Thursday, March 17, 2011

Doing The Impossible

The laptop bag weighed heavily on my shoulder, the consequence of once again refusing to leave anything in the car, so it was with some relief I spotted the two empty tables. Finding a spot at this particular Chapters/Starbucks was usually a hopeless endeavor, and even if you waited, there was no ‘official’ lineup. If you sensed movement you rushed towards it. And if the person was actually leaving, you made sure that your bag was down and your things were on the table as quickly as possible. Today however, there was no need to rush, and I put my head down as I walked over. Another woman had seen the open tables as well, and she bustled past me, nearly clubbing me with the huge, reusable shopping bag slung over her shoulder. I barely noticed though, as I was just happy to find a seat. I grabbed a chair from the table on the right, and though she’d laid her things down at the other table, she made a noise as if she objected to my sitting down. Well, whatever, I thought. I dropped my bag beside my chair, ever amazed at my own ridiculousness in packing so much. Did I really need two novels in there? What was the second one for, anyway? I’d already forgotten about the woman when she stood up and looked at me.

“It’s a good thing I sat at the table first.” The woman said.

At first I thought I’d misheard her. Was she talking to me? And what did she mean, exactly?

She was in her early thirties, tall, and very thick. She wore tight pants and an overlapping sweater into which her extra weight had been crammed and tucked so tightly that she looked as if someone had stuffed two cushions into a single pillow case. A very expensive pillow case. Her purse was probably worth more than my entire wardrobe. Her face had large features and included a full second chin that hung low but was kept in place by her jaw, which jutted out and up as she looked down at the people around her. It was hard to make out the rest of her features, framed as they were by an overwhelming trilogy of curls, makeup and perfume.
She strode over to the counter to order her drink, teetering on her knee high boots lacquered against her calves like black sheaves of armour. A few minutes later she came back and sighed heavily as she looked down at me.

“Can you please move your bag? It’s hard to get around here when you just put your bag anywhere.”

I moved the bag to the other chair at my table.

“All you have to do is ask.” I said. “We don’t need to hear your commentary about it.”

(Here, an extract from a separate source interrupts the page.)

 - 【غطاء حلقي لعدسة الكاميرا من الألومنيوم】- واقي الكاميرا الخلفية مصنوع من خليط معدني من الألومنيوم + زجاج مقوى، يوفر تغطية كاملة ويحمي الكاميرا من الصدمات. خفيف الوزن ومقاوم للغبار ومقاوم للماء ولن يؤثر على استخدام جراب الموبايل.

She harrumphed and sat beside me, wiggling around in her chair as if willing the wood to soften. I sighed and tried to keep my face neutral even as her perfume threatened to engulf me. I’d always hated people like her, people who stomped around looking down their noses at others and making sure everyone knew that the world revolved around them.

I turned the pages of my magazine, working hard to focus on what I was reading, but the woman soon started a conversation with an older man at the table next to her. Their conversation drifted from phones to him asking her occupation.

“I’m an accountant.” She said. “I run my own business.”

“Oh, that’s very nice.” The man said, his accent thick. It sounded like he was from somewhere in the Middle East, but I wasn’t be sure.

“I’m also a model. I’ve been modeling since I was eight.”

“Oh, wow.”

“Yes. My husband is always surprised how I can just switch things on and off. I walk into my business and I become this whole other person, like I’m totally in charge. And yet, I’m very carefree, which helps me when I’m modeling. He asks me how I do it, and I tell him I’ve been doing it since I was eight, so it’s like, no big deal.”

I felt something shift then, and I slowly packed up my bag as the woman continued to tell the kind old man about her modeling exploits. The anger seeped out of me as I listened to her, gradually replaced by a growing sadness. Moments earlier, I’d felt my anger peak. I’d been confronted by a wealthy, aggressive snob, who clearly thought the world should bend their knee to her. Now, I saw an awkward, lonely person struggling with her self-esteem.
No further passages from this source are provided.